The funeral of Mrs. Aster



"You'll be with your old herd again," I told her.

She just wanted comfort, for her body, lungs and joints. Mrs. Aster went down late yesterday but seemed okay when I righted her squat little body. She ate normally. This morning she was once again stuck on her side but this time when I got her up she could not stand, and was clearly in distress. Her breathing was odd, and her glance was strange-it reminded me of the way BW's and Samuelle's eyes looked near death. Those were neurological issues and I was sensing this about Mrs. Aster.

I checked on her every hour. She managed to stay up, but was clearly in distress if moved. I dd stand her to ruminate her, but, she had no control over her hind end. I did not want to wait until the end of the day and put her though terror at night, for a pygmy on its side is in terror, and suffering.

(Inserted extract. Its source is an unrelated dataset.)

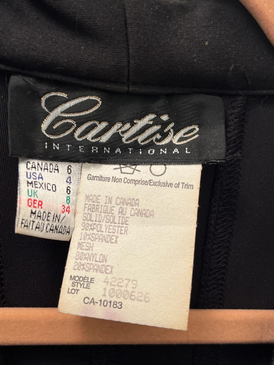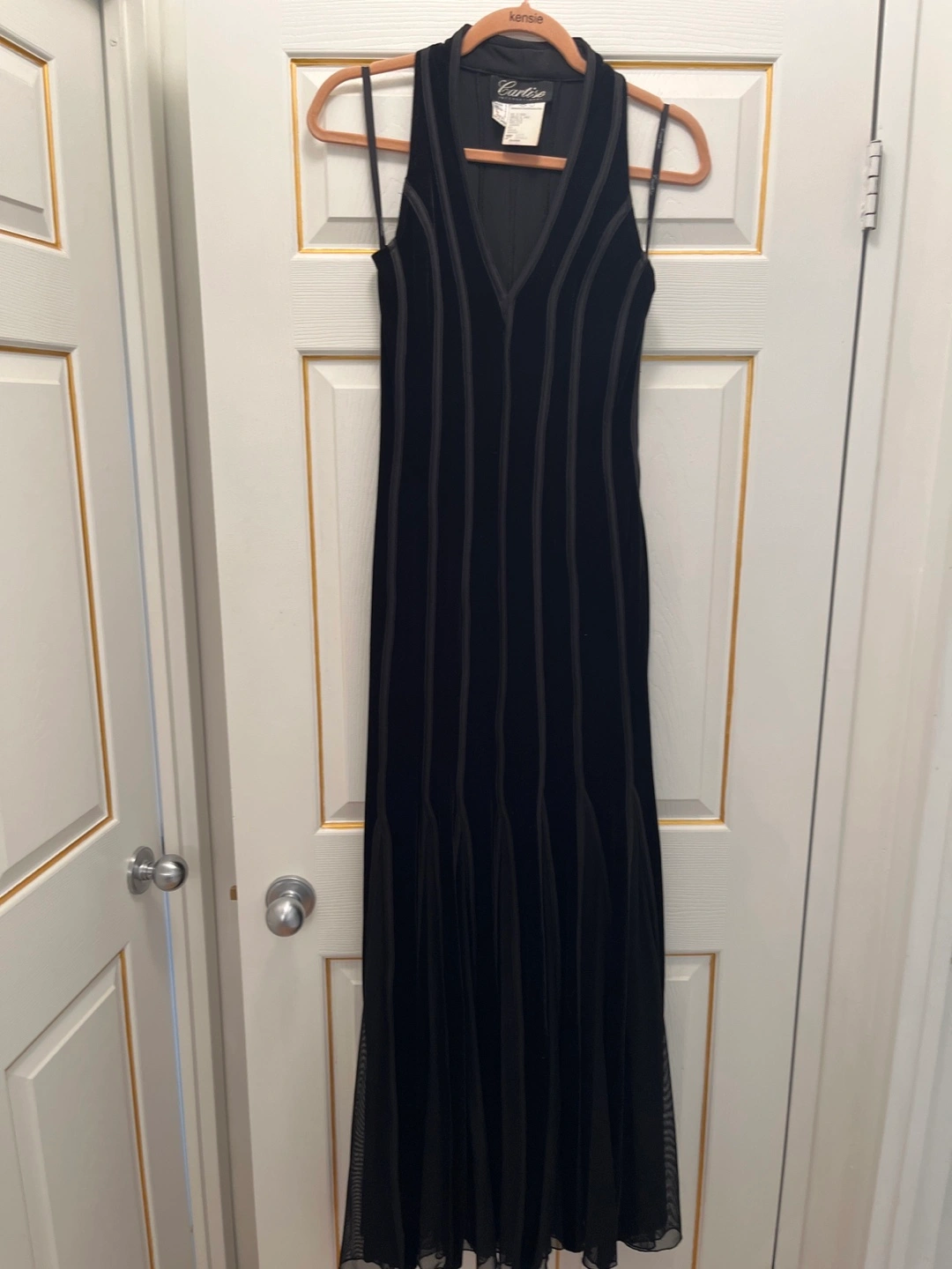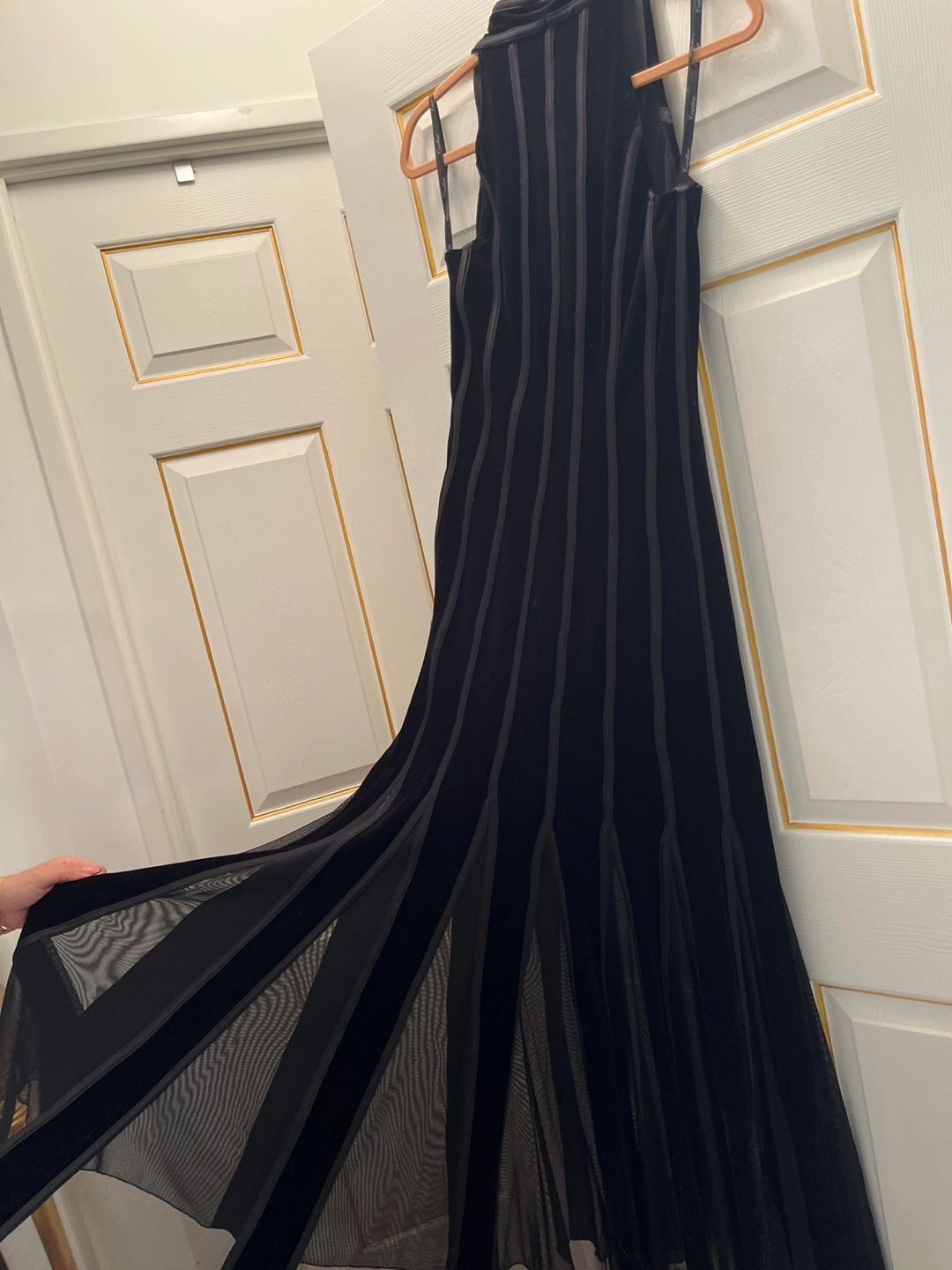 Stunning black velvet maxi dress. Halter neck, floor length. Features vertical velvet panels and sheer mesh sections. Made in Canada. Size 6.

But I couldn't get any of my normal vets out. One finally said they could come at 7pm tonight, but thankfully I was able to get in with my local canine vet who helped me out. I didn't like having to take her off the farm, but it had to be done. At the vet, we could see more signs that made us think it was neurological, and we had no doubts we were doing the right thing. She went fast.

I said awhile back I sensed Mrs. Aster would not be with us long, and it has proven to be true. You see it happen again and again-an elder animal lives through neglect or a bad situation for months or longer, they are taken out of that situation into safety and care, and sometimes, they just let go.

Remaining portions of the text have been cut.